Collected data:
****************

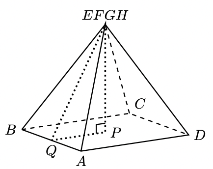 A altura da pirâmide é o segmento $[P F]$, e como a altura á perpendicular à base, o triângulo $[Q P F]$ é retângulo, pelo que, recorrendo ao Teorema de Pitágoras, calculamos a altura da pirâmide, ou seja a medida do comprimento do segmento $[P F]$ :
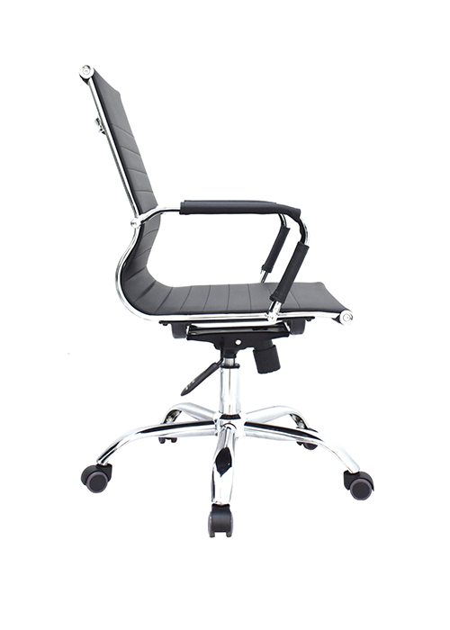 La silla Boss está disponible en versiones con espaldar medio o alto. Su espaldar y asiento están tapizados en cuero sintético, un marco cromado que realza su apariencia. Los brazos cromados fijos con cobertor en cuero sintético añaden confort y elegancia. Incluye un mecanismo basculante con 1 posición de bloqueo y perilla de tensión, además de una base cromada de 320 mm y ruedas de goma para un desplazamiento fluido.
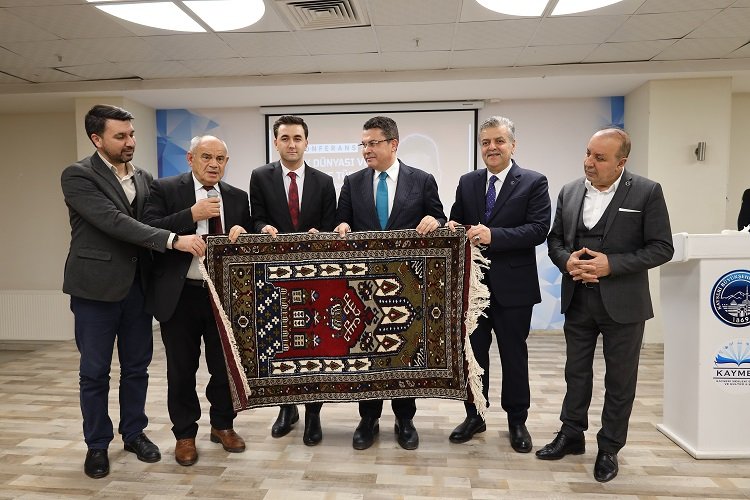 Konferans bitiminde Yahyalı Belediye Başkanı Esat Öztürk tarafından Prof. Dr. Ruhi Ersoy’a Yahyalı El Halısı hediye edildi.

****************

Write out exactly, and only, the lines running from the line with "La silla Boss" to the last line above, both included, with all pictures omitted.

 La silla Boss está disponible en versiones con espaldar medio o alto. Su espaldar y asiento están tapizados en cuero sintético, un marco cromado que realza su apariencia. Los brazos cromados fijos con cobertor en cuero sintético añaden confort y elegancia. Incluye un mecanismo basculante con 1 posición de bloqueo y perilla de tensión, además de una base cromada de 320 mm y ruedas de goma para un desplazamiento fluido.
 Konferans bitiminde Yahyalı Belediye Başkanı Esat Öztürk tarafından Prof. Dr. Ruhi Ersoy’a Yahyalı El Halısı hediye edildi.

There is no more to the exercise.